* Material for the task
_ _ _ _ _ _ _
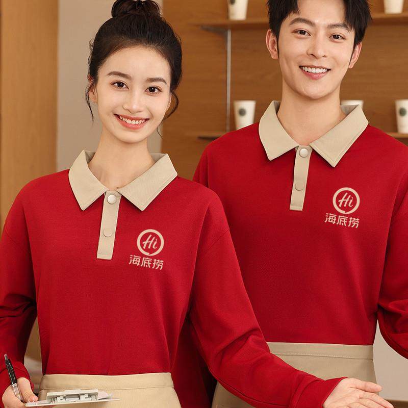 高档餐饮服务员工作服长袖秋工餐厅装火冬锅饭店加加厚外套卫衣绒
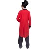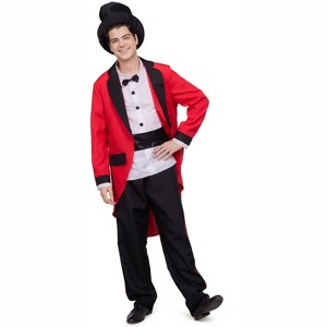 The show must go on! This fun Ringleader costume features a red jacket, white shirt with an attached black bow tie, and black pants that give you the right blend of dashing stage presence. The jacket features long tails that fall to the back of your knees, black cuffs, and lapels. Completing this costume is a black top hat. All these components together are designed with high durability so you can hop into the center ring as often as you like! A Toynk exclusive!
_ _ _ _ _ _ _
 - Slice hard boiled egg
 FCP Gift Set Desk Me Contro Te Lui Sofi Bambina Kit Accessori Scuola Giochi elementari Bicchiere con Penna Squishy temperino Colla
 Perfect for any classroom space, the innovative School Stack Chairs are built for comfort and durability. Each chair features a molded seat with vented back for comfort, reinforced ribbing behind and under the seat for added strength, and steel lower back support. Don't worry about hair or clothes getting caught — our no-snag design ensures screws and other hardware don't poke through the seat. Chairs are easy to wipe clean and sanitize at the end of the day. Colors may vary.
_ _ _ _ _ _ _
* Work instruction
Only one part of the material above is wanted: the lines from the one with "高档餐饮服务员工作服长袖秋工餐厅装火冬锅饭店加加厚外套卫衣绒" up to and including the one with "The show must". Please copy them exactly, pictures left out.

* Answer area
 高档餐饮服务员工作服长袖秋工餐厅装火冬锅饭店加加厚外套卫衣绒
 The show must go on! This fun Ringleader costume features a red jacket, white shirt with an attached black bow tie, and black pants that give you the right blend of dashing stage presence. The jacket features long tails that fall to the back of your knees, black cuffs, and lapels. Completing this costume is a black top hat. All these components together are designed with high durability so you can hop into the center ring as often as you like! A Toynk exclusive!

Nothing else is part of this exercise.